Experimental groups.   Male mice were randomized into four groups (n = 6–8 per group): group I, noncastrated, sham operated (no trauma, no hemorrhage); group II, castrated, sham operated (no trauma, no hemorrhage); group III, noncastrated, trauma-hemorrhage; group IV, castrated, trauma-hemorrhage.

Castration procedure.   Mice were castrated 2 wk before the experiment as previously described (7). In brief, mice were anesthetized with isoflurane (Forene, Abbott, Wiesbaden, Germany), restrained in a supine position, and the skin of the scrotum was disinfected using 75% ethanol. The funiculus spermaticus was ligated, and the testes were removed. The scrotum incision was closed using 5–0 Ethilon sutures (Ethicon, Hamburg, Germany). Mice in groups I and III (noncastrated mice) underwent the same scrotum dissection; however, the testes were not removed.
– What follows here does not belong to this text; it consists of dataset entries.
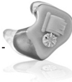
Electronic Shooters Protection - ESP

For the hunters in your family, this is a MUST-HAVE. Instant hearing protection is built right in with immediate response to a gunshot without compromising the hunting experience.
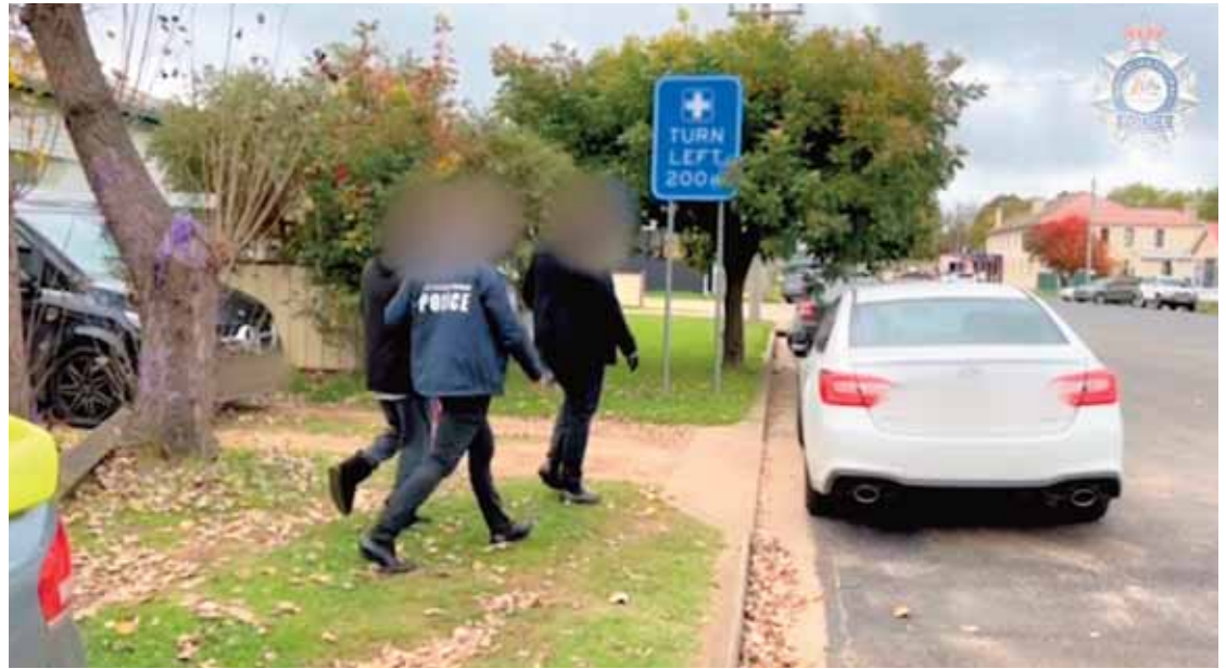
Federal Police arrested the man after searching the Guyra home in April
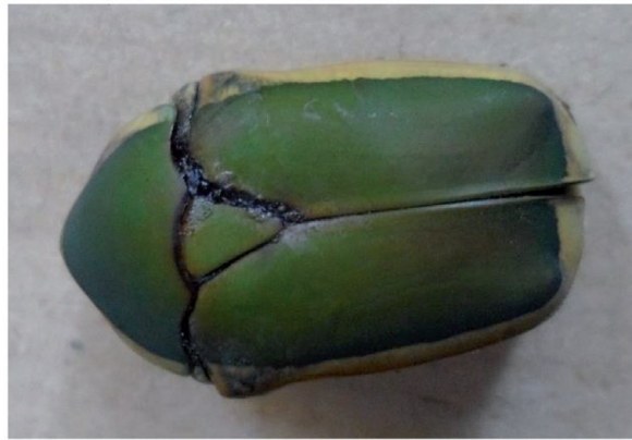
Figure 3. Adult dried cetonia ( Cetonia aurata ) in Cameroon Western highlands.
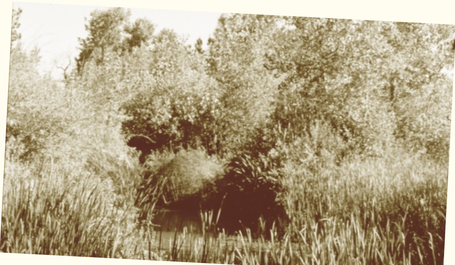
Open Space at the Regional Park
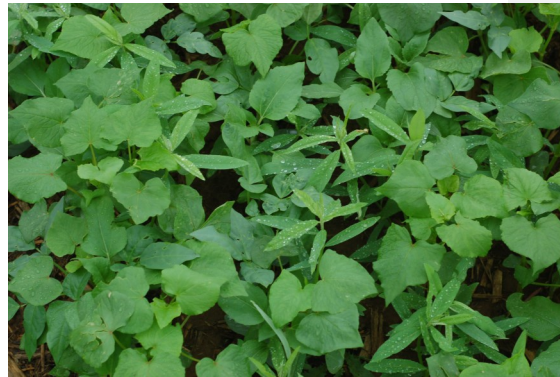
Summer Solar Mix 18 days after planting. Its broadleaves grow a thick canopy for weed suppression early

Both conventional and organic growers will find this a useful break crop in between spring and fall crops that builds soil nitrogen levels and attracts pollinators and other beneficial insects. It can also be used in farmscaping strips to draw beneficials throughout the season.
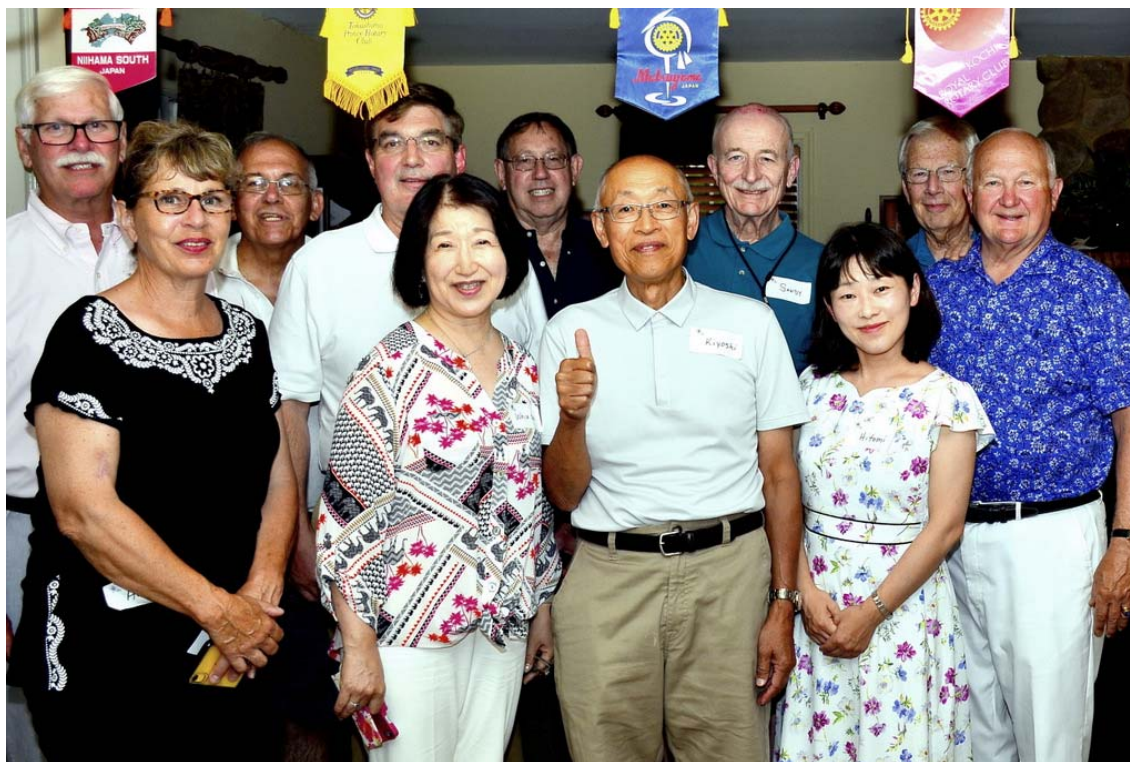
PHOTO ALBUM from the Informal Flemington Rotary Club Gathering Held, Saturday, 8/3/2019
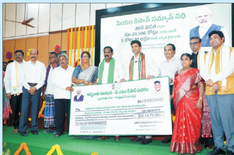
Release of the PM Kisan Samman Nidhi 20 th Installment
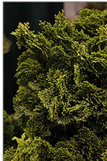
Dwarf Hinoki Falsecypress foliage
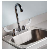
022 Stainless Steel Sink & Chrome Faucet
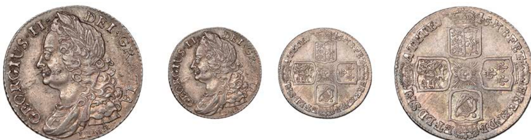
327 Shilling, 1745, LIMA (ESC 1724; S 3703). Some fleckmarks, good very fine, dark tone
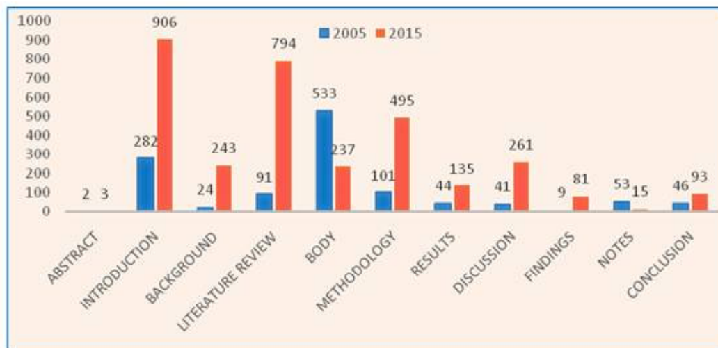
Figure 2: Citation Concentration in 2005 and 2015 Volume

The figure shows the concentration of citation in different parts of the article. Here, the most cited part is introduction with 1,188 citations followed by literature review part with 885 citations, next to it was the body portion with 770. The least cited part is abstract part with only 5 citations.
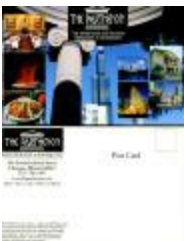
Postcard (2017.12.13) 1968 – 2016 The Parthenon Restaurant Collection
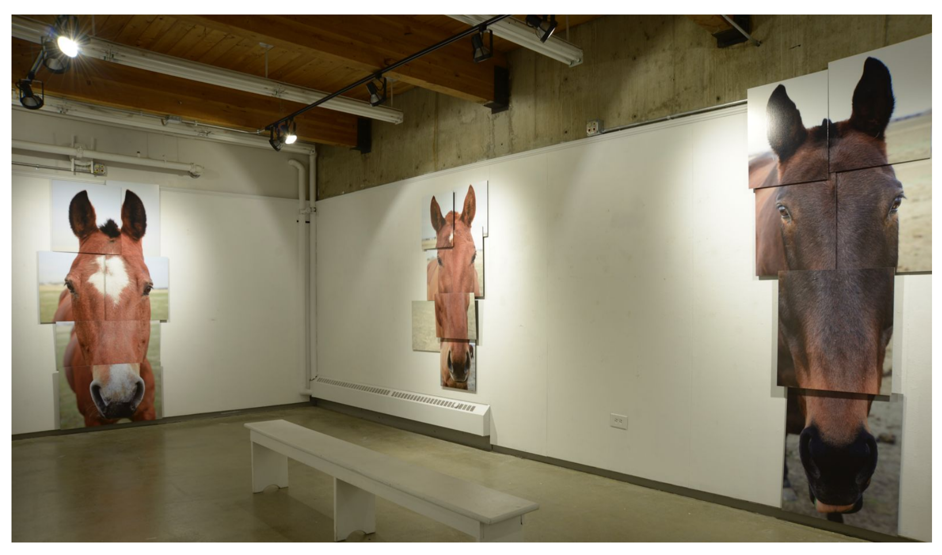
Figure 1: Gallery View
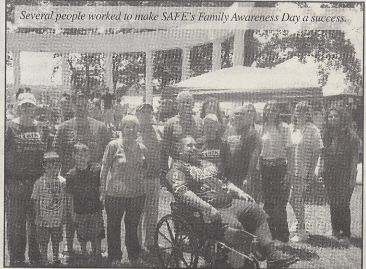
Several people worked to make SAFE's Family Awareness Day a success.
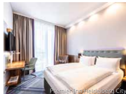
Premier Inn Heidelberg City
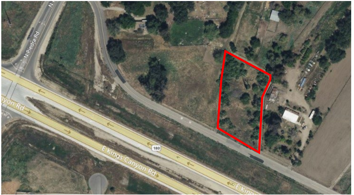
DD 84603-01-01 Aerial View ( Drawing is not to scale)
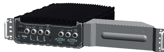
▲ SEMIL 19" rack-monuted
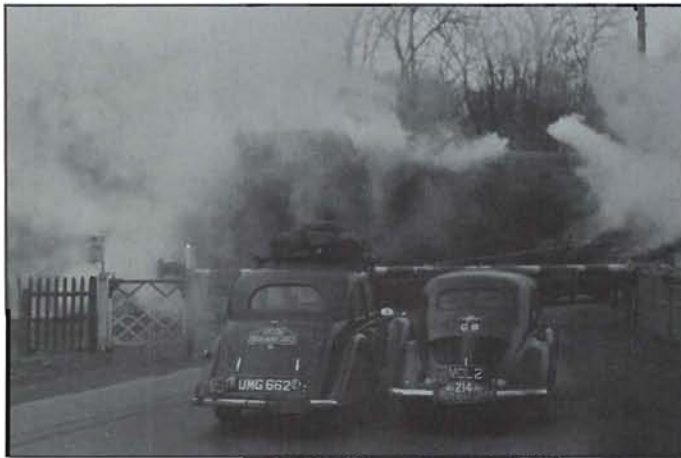
The MG serving as a press car on the 1953 Monte; alongside is a competing Acton-built Renault 4CV

Final details include an electric fan and a high-flow radiator. "The only time we got close to not finishing was when the car got hot, coming down from the mountains. With the improved cooling system never again has it got close to overheating." On top of this, there are the inevitable requirements for safe rallying – an extra spot light, LED lights and a reversing light at the back, flashing indicators, a high-level brake light. "It's important to be seen," says Marc. "At night you're at risk from drivers failing to spot the standard 1950s rear lights."

Trauma-hemorrhage procedure.   Mice were lightly anesthetized with a mixture of Isoflurane (Forene), N₂O, and O₂, restrained in a supine position, and the skin was disinfected using 75% ethanol. A 2.5-cm midline laparotomy (i.e., trauma induced) was performed, and the muscular layer was then closed aseptically using 6–0 Ethilon sutures (Ethicon). The skin incision was closed using 5–0 Ethilon sutures (Ethicon). After midline laparotomy, both femoral arteries were aseptically cannulated with polyethylene-10 tubing (Clay-Adams, Parsippany, NJ) with the use of a minimal dissection technique. The animals were then allowed to awaken. Blood pressure was constantly monitored by attaching one of the catheters to a blood pressure analyzer (Digi-Med, Louisville, KY). On awakening, the animals were bled rapidly through the other catheter to a mean arterial blood pressure (BP) of 35 ± 5 mmHg (BP prehemorrhage was 95 ± 5 mmHg), which was maintained for 90 min. At the end of that period, four times the shed blood volume (the average shed blood volume was 0.95 ml, representing 60% of the circulating blood volume) was infused in the form of lactated Ringer solution (B. Braun Melsungen, Melsungen, Germany) to provide fluid resuscitation. Lidocaine (AstraZeneca, Wedel, Germany) was applied to the groin incision sites, the catheters were removed, the vessels were ligated, and the groin incisions were closed. No mortality was observed in this model of trauma-hemorrhage and resuscitation. The trauma-hemorrhage procedure was carried out at the same time of the day to avoid fluctuations of plasma hormone levels due to circadian rhythm.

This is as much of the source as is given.